- **ABOUT THIS TASK**
Beginning with the line in which "ゆったりとしたワイドシルエッ" appears, transcribe each line word for word until the records end. Do not include pictures.
=== Begin Enclosure ===
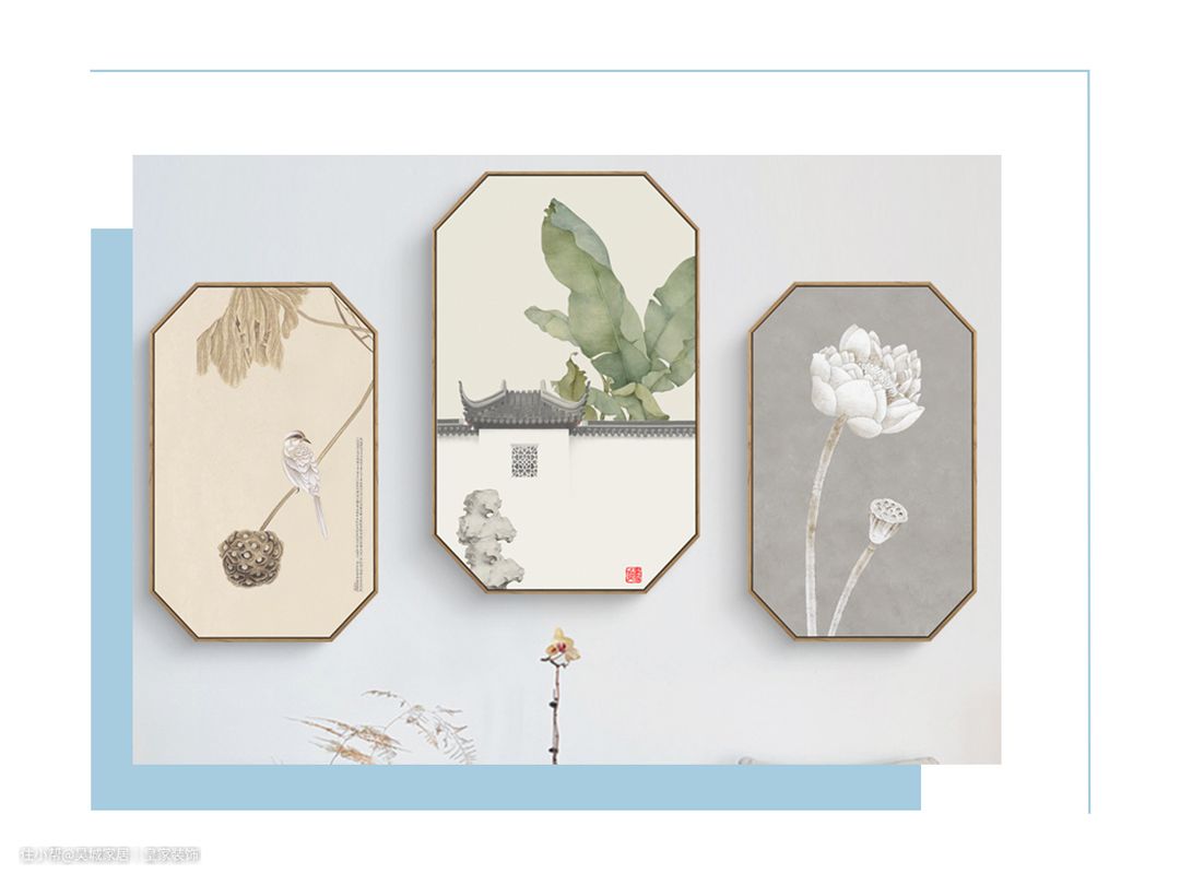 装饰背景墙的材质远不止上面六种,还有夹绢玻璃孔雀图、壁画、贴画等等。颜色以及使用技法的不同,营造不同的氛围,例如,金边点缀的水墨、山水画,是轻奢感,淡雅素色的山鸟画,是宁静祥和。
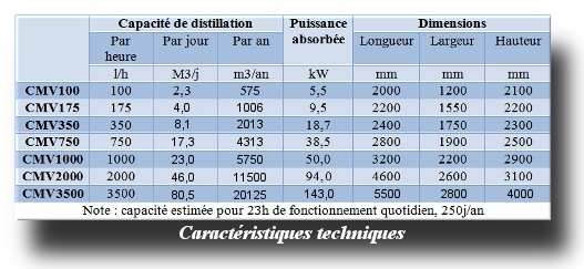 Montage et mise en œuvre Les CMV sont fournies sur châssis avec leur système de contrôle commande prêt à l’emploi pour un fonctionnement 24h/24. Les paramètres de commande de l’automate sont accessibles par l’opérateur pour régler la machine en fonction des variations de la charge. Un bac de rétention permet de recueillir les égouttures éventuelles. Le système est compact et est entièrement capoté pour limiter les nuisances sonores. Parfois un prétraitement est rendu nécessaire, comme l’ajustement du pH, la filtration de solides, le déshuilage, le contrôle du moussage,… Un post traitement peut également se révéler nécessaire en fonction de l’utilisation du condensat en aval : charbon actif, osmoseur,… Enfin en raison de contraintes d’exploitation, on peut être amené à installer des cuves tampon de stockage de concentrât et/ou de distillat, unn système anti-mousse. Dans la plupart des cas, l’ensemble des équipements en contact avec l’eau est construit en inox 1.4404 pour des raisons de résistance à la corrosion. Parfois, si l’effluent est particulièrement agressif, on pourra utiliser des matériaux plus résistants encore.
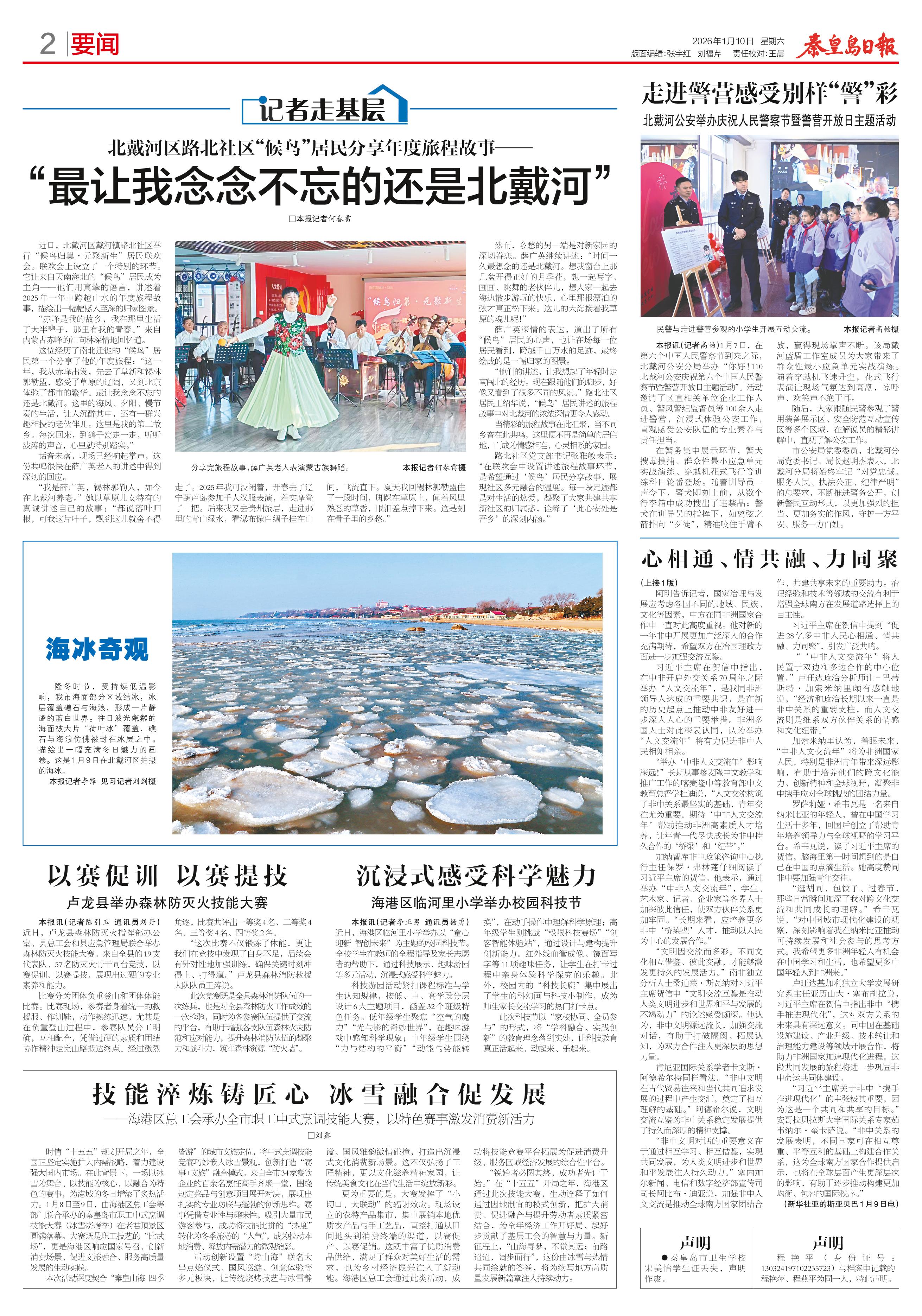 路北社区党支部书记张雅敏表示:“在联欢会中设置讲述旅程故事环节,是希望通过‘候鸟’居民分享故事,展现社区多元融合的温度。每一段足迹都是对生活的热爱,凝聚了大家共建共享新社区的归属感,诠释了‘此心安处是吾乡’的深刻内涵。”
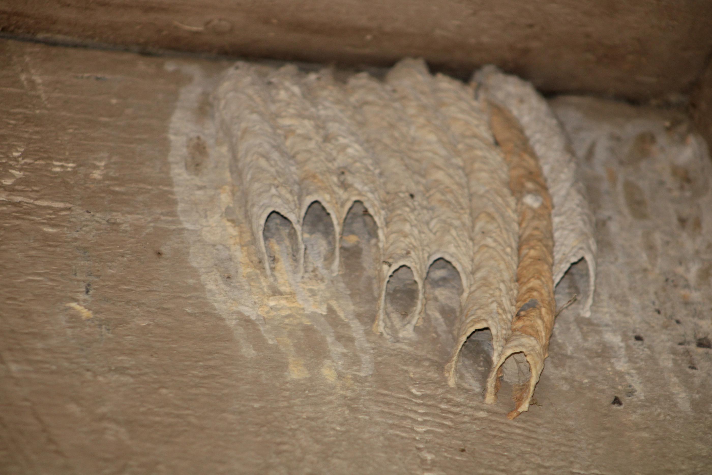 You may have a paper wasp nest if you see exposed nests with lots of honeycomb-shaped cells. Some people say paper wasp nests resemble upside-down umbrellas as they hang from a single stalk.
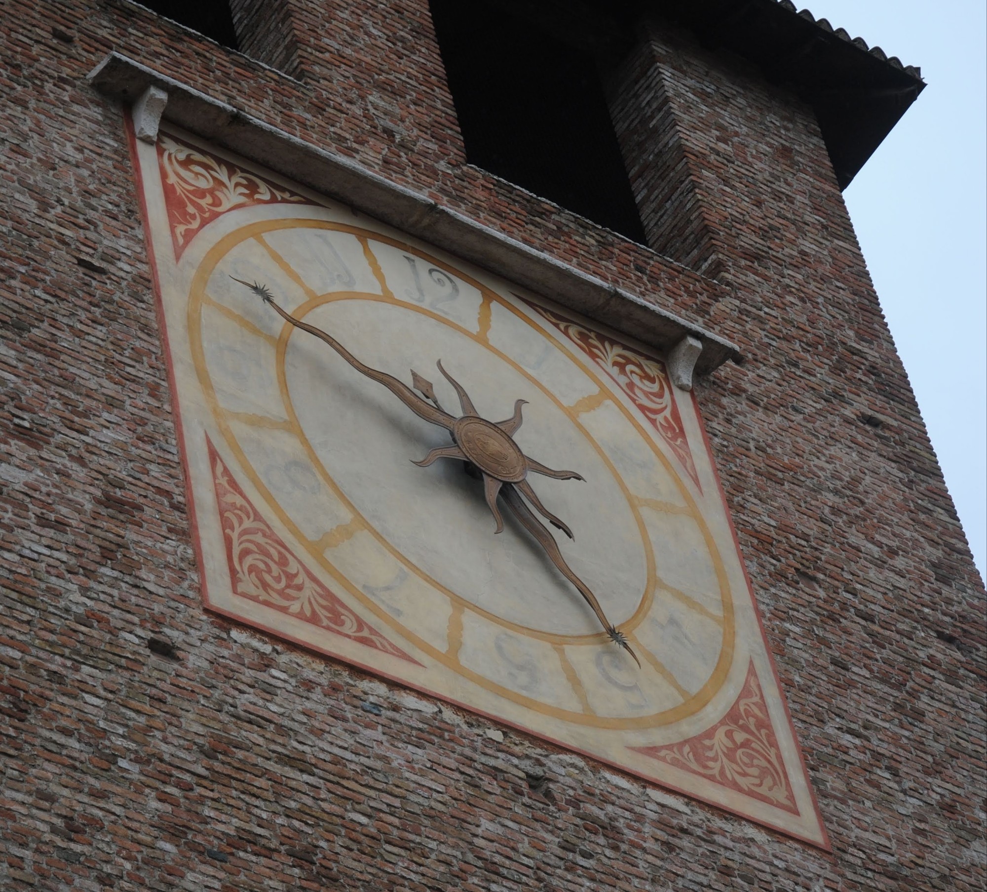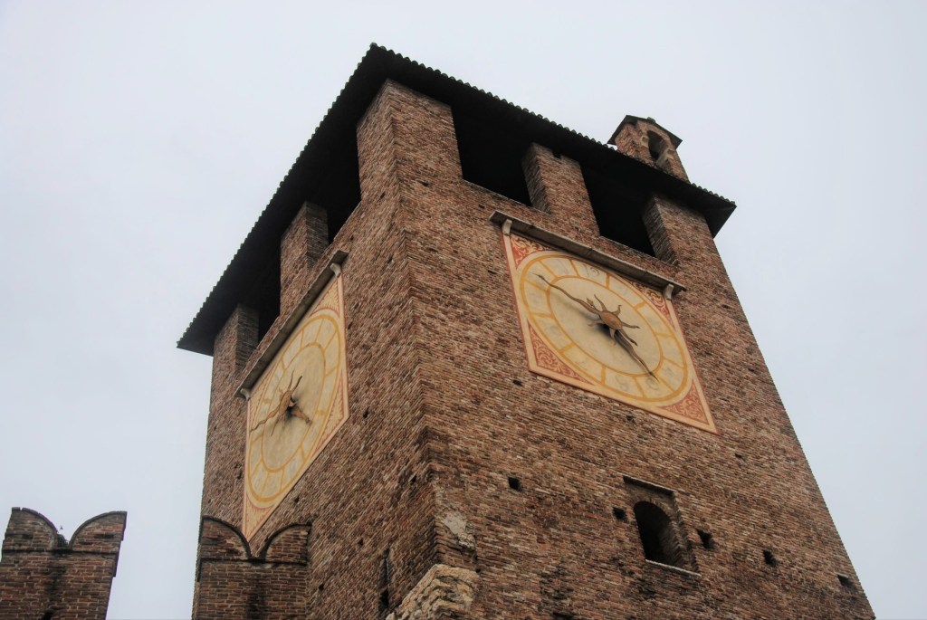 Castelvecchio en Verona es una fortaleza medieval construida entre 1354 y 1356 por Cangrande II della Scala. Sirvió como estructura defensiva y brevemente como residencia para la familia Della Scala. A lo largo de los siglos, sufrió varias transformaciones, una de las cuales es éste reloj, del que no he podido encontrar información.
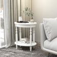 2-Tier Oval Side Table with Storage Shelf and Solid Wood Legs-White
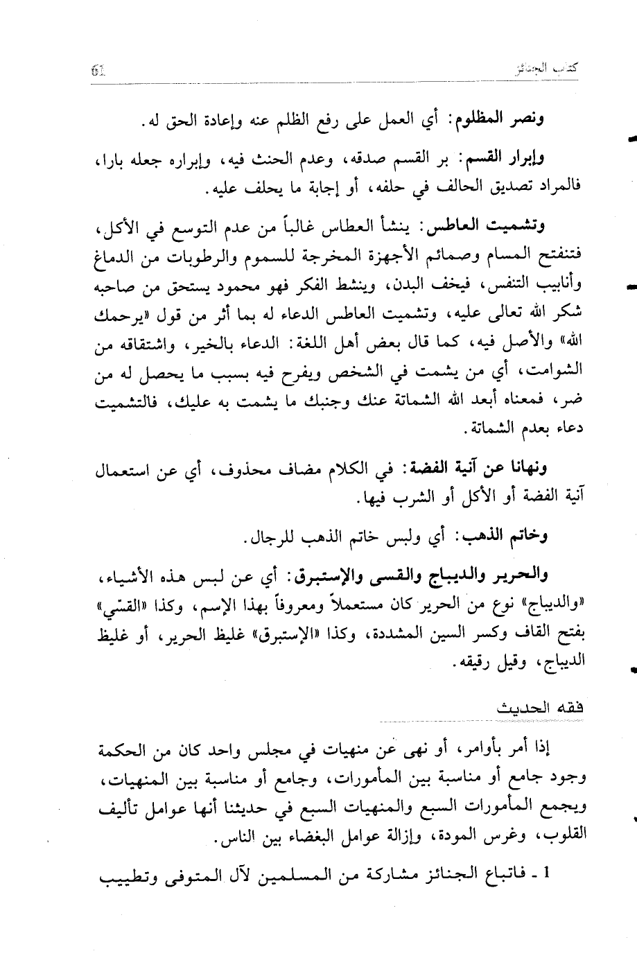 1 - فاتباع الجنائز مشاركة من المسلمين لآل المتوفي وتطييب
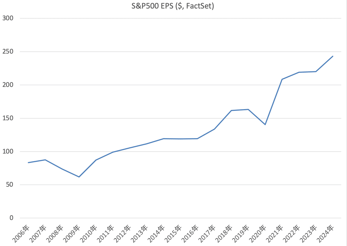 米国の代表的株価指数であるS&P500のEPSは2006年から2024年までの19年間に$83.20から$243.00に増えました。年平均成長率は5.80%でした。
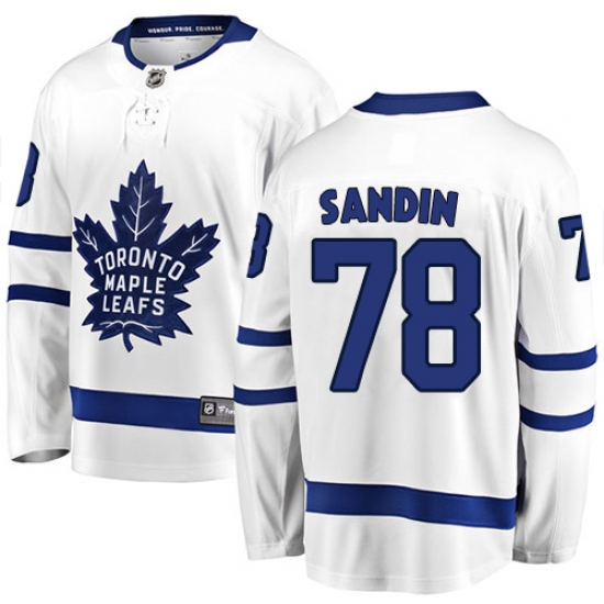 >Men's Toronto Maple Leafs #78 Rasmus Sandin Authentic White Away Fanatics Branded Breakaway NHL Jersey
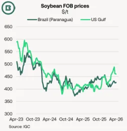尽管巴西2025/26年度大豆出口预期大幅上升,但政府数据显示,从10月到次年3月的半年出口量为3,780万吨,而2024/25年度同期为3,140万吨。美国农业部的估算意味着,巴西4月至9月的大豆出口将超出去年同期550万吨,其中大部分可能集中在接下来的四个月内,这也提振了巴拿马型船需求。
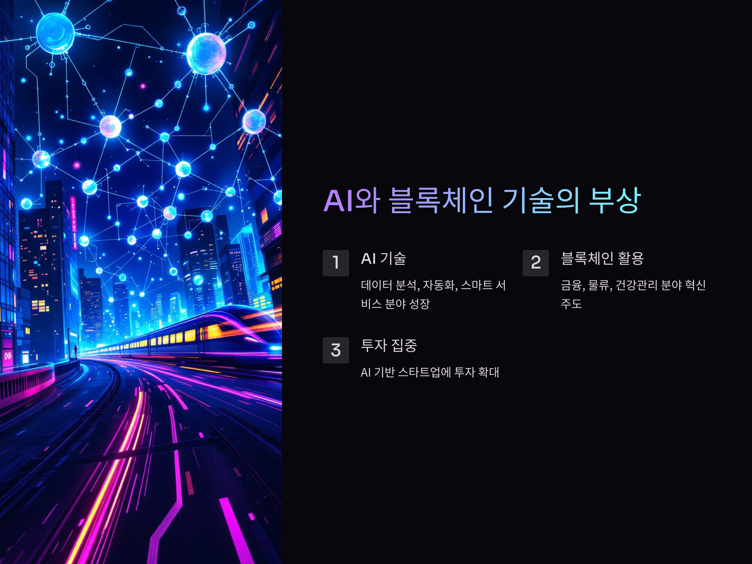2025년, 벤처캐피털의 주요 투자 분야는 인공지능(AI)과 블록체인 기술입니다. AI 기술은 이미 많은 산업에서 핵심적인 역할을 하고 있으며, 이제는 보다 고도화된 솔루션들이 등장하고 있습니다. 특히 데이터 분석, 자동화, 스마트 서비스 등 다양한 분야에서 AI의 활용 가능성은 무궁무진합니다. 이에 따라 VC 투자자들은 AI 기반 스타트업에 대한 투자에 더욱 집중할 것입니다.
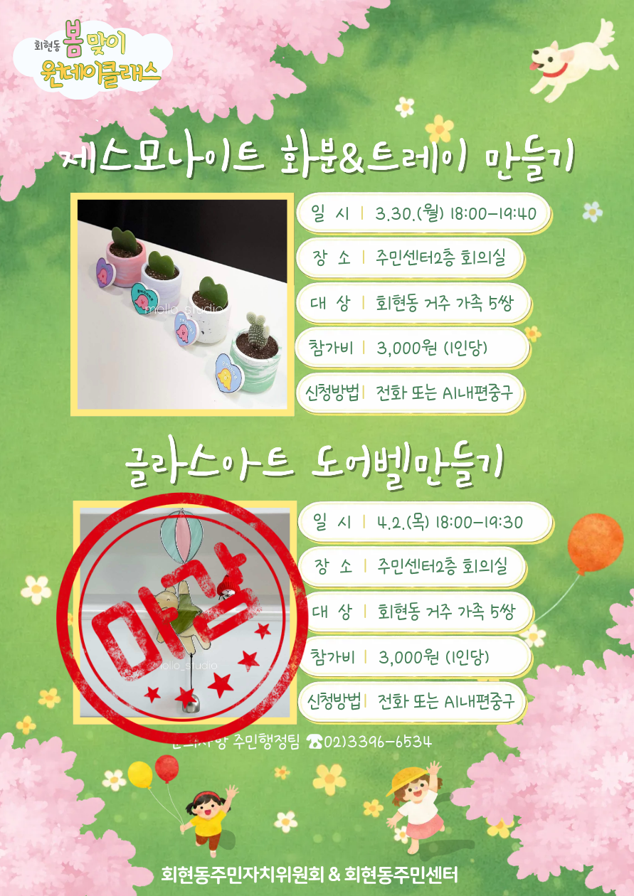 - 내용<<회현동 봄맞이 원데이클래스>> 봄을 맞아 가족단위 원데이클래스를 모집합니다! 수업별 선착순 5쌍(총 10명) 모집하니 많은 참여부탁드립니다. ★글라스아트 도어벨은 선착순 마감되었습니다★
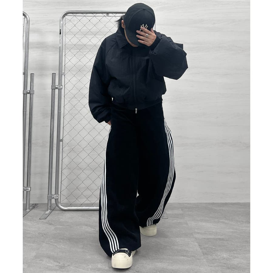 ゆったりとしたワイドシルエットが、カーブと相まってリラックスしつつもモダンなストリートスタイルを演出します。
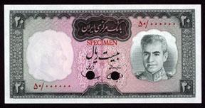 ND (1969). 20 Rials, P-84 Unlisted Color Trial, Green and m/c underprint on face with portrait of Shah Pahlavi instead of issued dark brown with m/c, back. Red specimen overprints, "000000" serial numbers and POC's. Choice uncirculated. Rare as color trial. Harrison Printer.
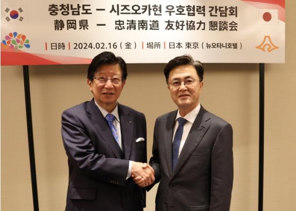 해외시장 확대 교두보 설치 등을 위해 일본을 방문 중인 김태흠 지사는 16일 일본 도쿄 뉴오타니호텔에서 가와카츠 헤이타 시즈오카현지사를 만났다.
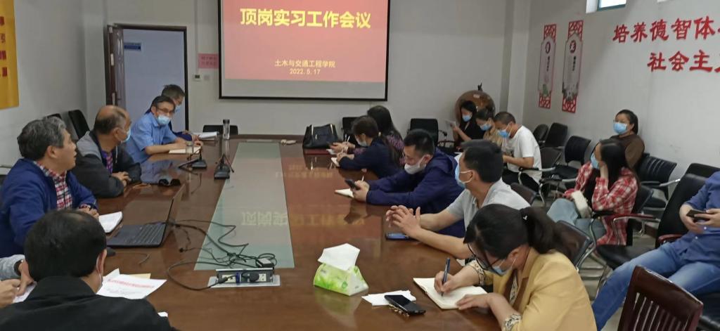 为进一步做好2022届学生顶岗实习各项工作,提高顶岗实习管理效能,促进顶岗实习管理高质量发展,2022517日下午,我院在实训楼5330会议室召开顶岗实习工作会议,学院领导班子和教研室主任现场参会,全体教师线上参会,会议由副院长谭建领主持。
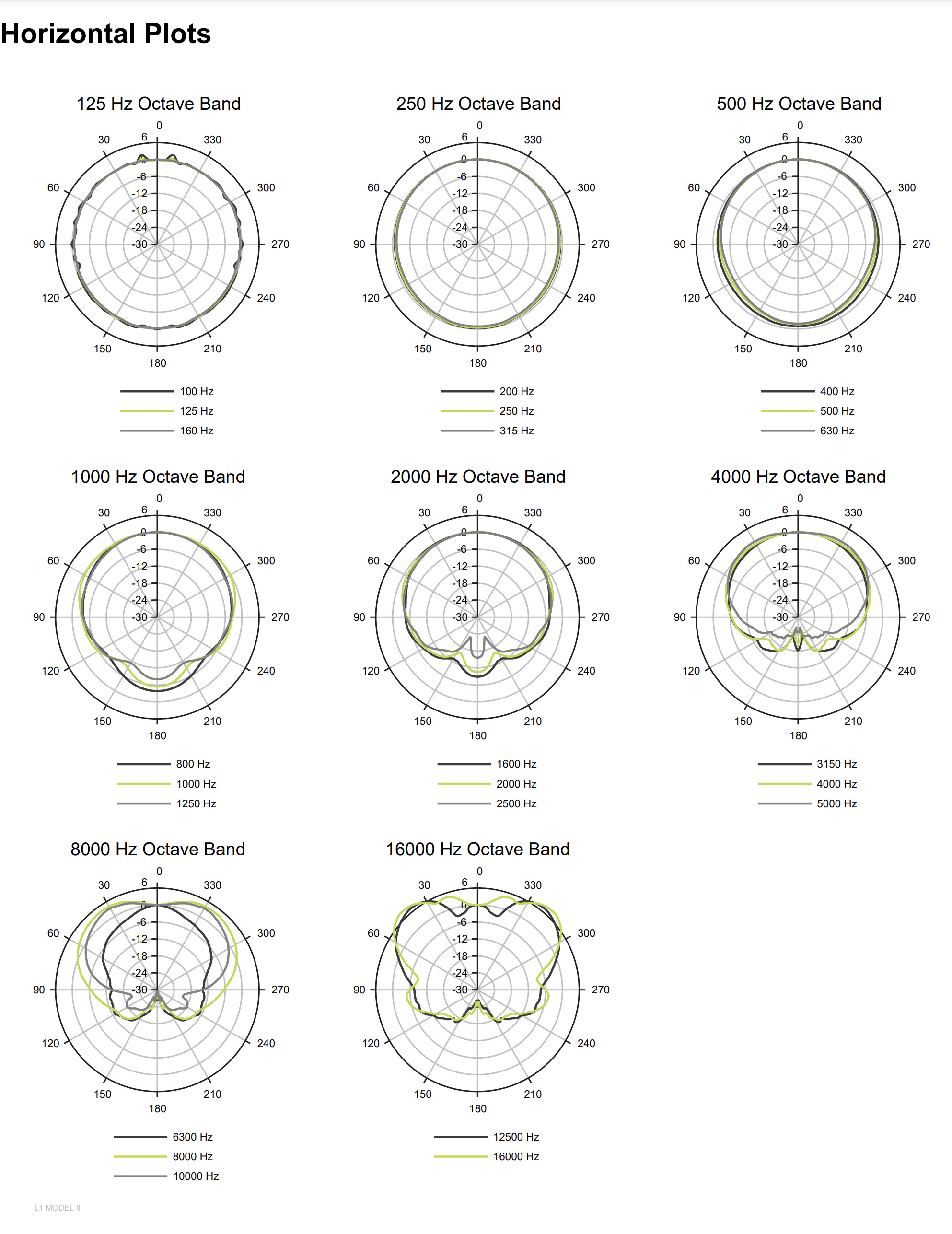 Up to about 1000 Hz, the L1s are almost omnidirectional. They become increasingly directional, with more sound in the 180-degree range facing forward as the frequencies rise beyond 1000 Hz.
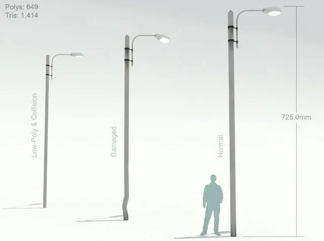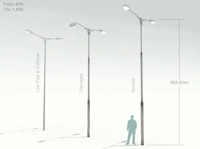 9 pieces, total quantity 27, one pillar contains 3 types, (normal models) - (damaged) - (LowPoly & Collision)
=== End Enclosure ===
- **ANSWER SECTION**
 ゆったりとしたワイドシルエットが、カーブと相まってリラックスしつつもモダンなストリートスタイルを演出します。
 ND (1969). 20 Rials, P-84 Unlisted Color Trial, Green and m/c underprint on face with portrait of Shah Pahlavi instead of issued dark brown with m/c, back. Red specimen overprints, "000000" serial numbers and POC's. Choice uncirculated. Rare as color trial. Harrison Printer.
 해외시장 확대 교두보 설치 등을 위해 일본을 방문 중인 김태흠 지사는 16일 일본 도쿄 뉴오타니호텔에서 가와카츠 헤이타 시즈오카현지사를 만났다.
 为进一步做好2022届学生顶岗实习各项工作,提高顶岗实习管理效能,促进顶岗实习管理高质量发展,2022517日下午,我院在实训楼5330会议室召开顶岗实习工作会议,学院领导班子和教研室主任现场参会,全体教师线上参会,会议由副院长谭建领主持。
 Up to about 1000 Hz, the L1s are almost omnidirectional. They become increasingly directional, with more sound in the 180-degree range facing forward as the frequencies rise beyond 1000 Hz.
 9 pieces, total quantity 27, one pillar contains 3 types, (normal models) - (damaged) - (LowPoly & Collision)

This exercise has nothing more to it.